Wall Street’s banks are likely to cut back or abandon their private equity operations, and private equity firms will face new regulation in the U.S., the head of the Carlyle Group predicted yesterday.
David Rubenstein said he’s not sure that the so-called Volcker Rule would bar banks from owning, investing in or sponsoring hedge funds and private equity funds. But whether or not it would, banks are likely to back away from p.e., both out of fear of the legislation and of possible criticism.
“I think what you’ll see—whether or not the legislation is adopted—is the sale of a number of captive private equity organizations of large banks and the sale of hedge fund-related operations,” Rubenstein told a private equity conference in Berlin.

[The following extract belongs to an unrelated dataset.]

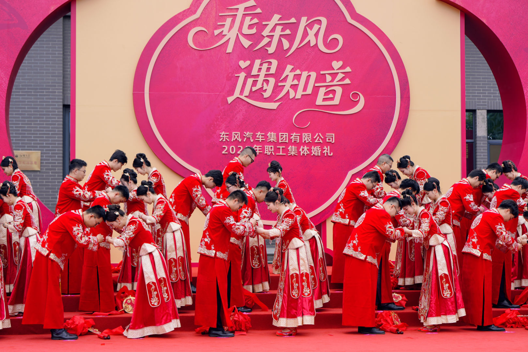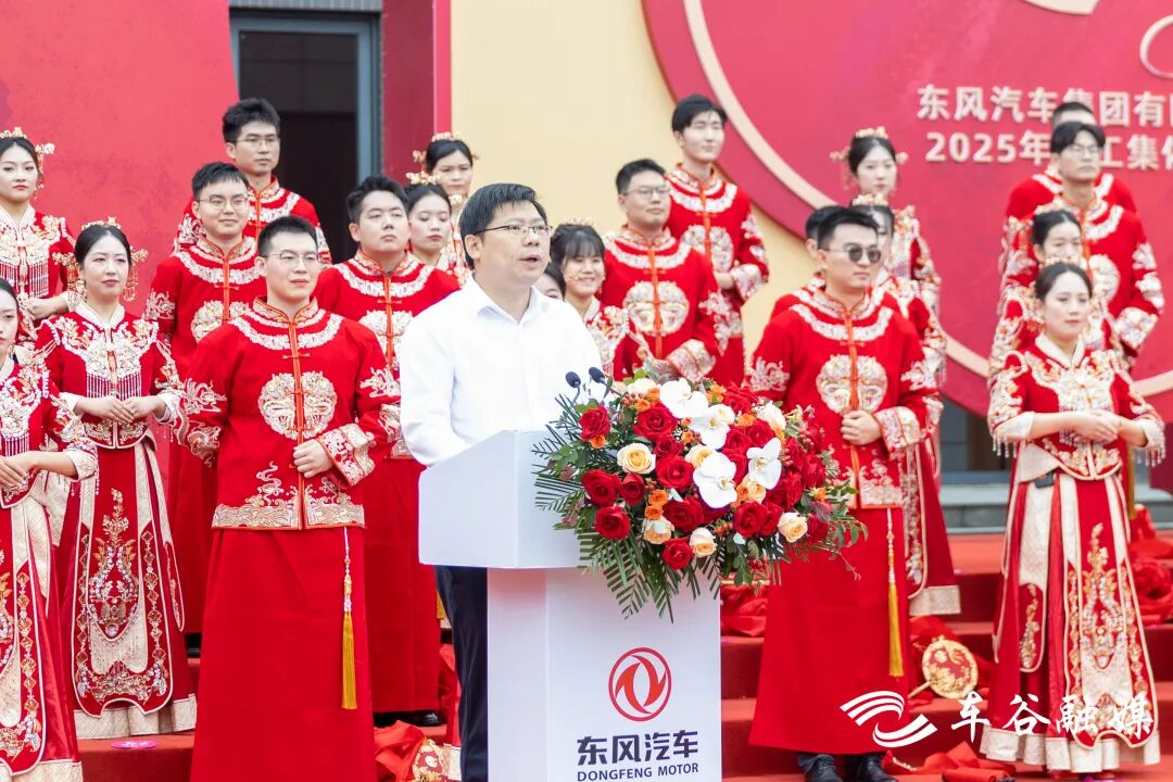 9月20日,東風(fēng)汽車2025年職工集體婚禮在武漢經(jīng)開(kāi)區(qū)湯湖文化宮舉行。40對(duì)新人在親友和嘉賓的見(jiàn)證下,攜手穿越“幸福之門(mén)”,共同步入婚姻的殿堂,開(kāi)啟人生新篇章。
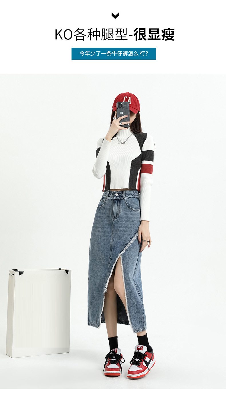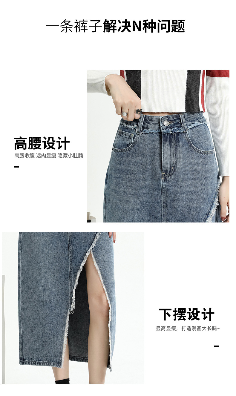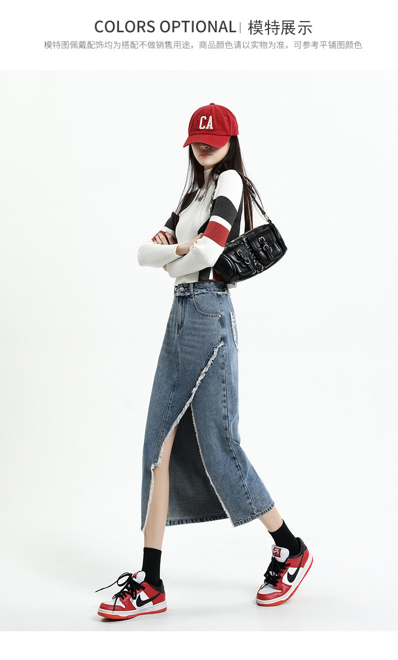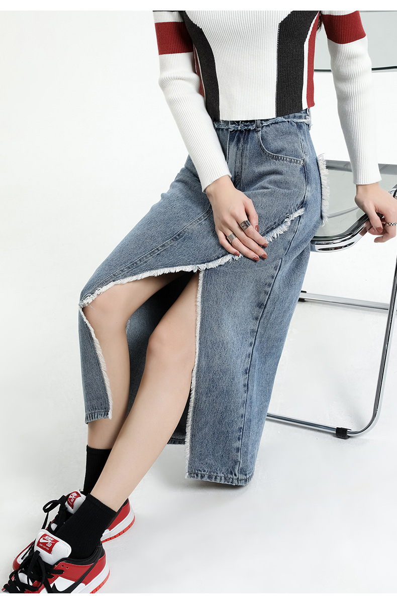 봄 여름 신상 하이웨이스트 슬림 불규칙 슬릿 데님 스커트 레트로 로우 엣지 디자인 A라인 미드기장…스토어 가기

More likely than the Volcker Rule becoming law—a near certainty, in fact, according to Rubenstein—is some form of p.e. regulation, which the Carlyle co-founder acknowledged the industry had so far avoided. Compulsory registration with the Securities and Exchange Commission was probable, Rubenstein offered.
Rubenstein also painted a relatively bleak picture for the private equity industry over the next several years, despite a boost last year.
“Returns from many pre-recession deals in funds will likely be modest at best,” he said. “Most deals I am aware of in 2009 were done at distressed prices and are probably going to be among the best deals done in the last 10 years or so.” But investors should expect lower returns and lower deal volume for the next two to four years.
The Carlyle Group is one of the world’s largest private equity firms with $87.9 billion under management and current investments in more than 200 companies.